Dutilleux’s style is an extension of the refined impressionistic textures of Debussy and Ravel, an alternative to the directions into which Pierre Boulez and Olivier Messiaen took French music. Bartok and Stravinsky, of course, influenced his music, but, though atonal, serialism never was his mantra. “What I reject is the dogma and the authoritarianism which manifested themselves in that [serial] period,” he said. His relatively small body of music is due to his work load at the French Radio, and his teaching activities. He also extensively revises his works before they are deemed ready for performance.

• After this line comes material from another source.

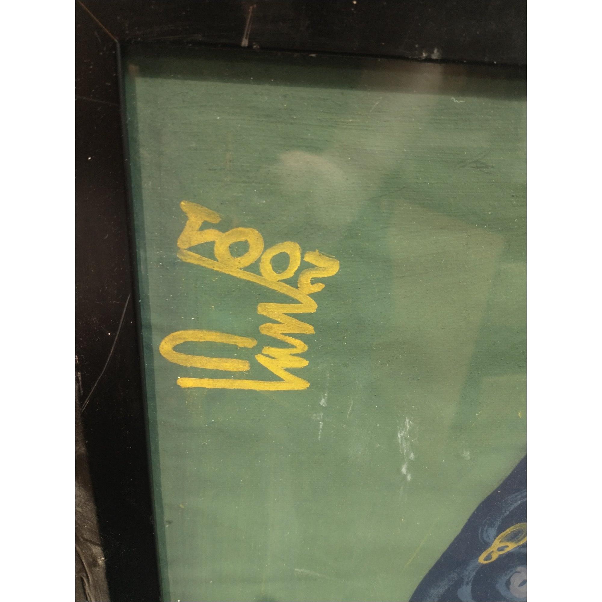 Large framed abstract painting. Dated 2001. Frame 115cm x 85cm approx.

This is the first recording of his 2003 work for soprano and voice, Correspondences, originally written for Dawn Upshaw and the Berlin Philharmonic under Simon Rattle. The title refers to Baudelaire’s poem by the same name, when one stimulus produces a secondary response (synaesthesia). Here Dutilleux uses letters between famous people that produces a response in the recipient (and perhaps in the composer).  In one letter, “Dear Galochka and Slava,” Solzhenitsyn thanks Mstislav and Galina Rostropovich for their support during the “horrors in the labor camps ten years before.” Here the strings dramatically express the violence and suffering endured and tenderly conveys the gratitude Solzhenitsyn feels. It’s a sensitive, lyrically expressive and moving work, which Barbara Hannigan sings superbly.

Rostropovich commissioned Dutilleux’s Cello Concerto “Tout un Monde Lointain…” (Whole Distant World) in 1970. Each of its five sections have a description attached, taken from epigraphs of Baudelaire. “Enigma” is a theme and variations that begins mysteriously and builds to a slow sacrificial dance. “Gaze” induces the listener under a spell of ghostly and amorphously beautiful music. “Sea Swells” is a swirling and animated dialogue between the cello and orchestra – especially winds and percussion.  “Mirrors” shimmers and glistens – the cello weaves plaintive melodies punctuated by percussion and pensively reflective violins. “Hymn” is rhythmically robust, summarizing the work as it trails into the mist.  Clearly, this is one of the most important cello concertos of the twentieth century and Anssi Karttunen is an excellent soloist.

The Shadows of Time (1997), commissioned by the Boston Symphony Orchestra, was inspired by the 50th anniversary of the Liberation of Paris at the end of World War II. Dutilleux refers to the work’s five sections as ‘allusions to timeless images of distant events whose intensity, in spite of the imprint of time, has never ceased to haunt me.’ In Hours, the rhythmically steady ticking of a clock represents the inexorable passage of time. In the scherzo, Evil Ariel, swirling strings and darting brass portray the evil spirit in Milton’s Paradise Lost. The emotional center of the work, Memory of Shadows, is dedicated to Anne Frank. Salonen chooses three boy voices to implore over and over, “Why us? Why the star?” A calm interlude leads to a luminously colored Waves of Light. A bluesy and sadly nostalgic Blue Dominant ends the work, with a slowly ticking clock fading away. As in many of his works, (Symphony No. 1 and 2 and the Cello Concerto,) Dutilleux likes to end his works quietly, and it’s quite effective in punctuating the subtlety of his oeuvre.

Esa-pekka Salonen and the Orchestre Philharmonique de Radio France deliver superb performances. This disc is an excellent introduction to one of the under-appreciated composers of the Twentieth Century.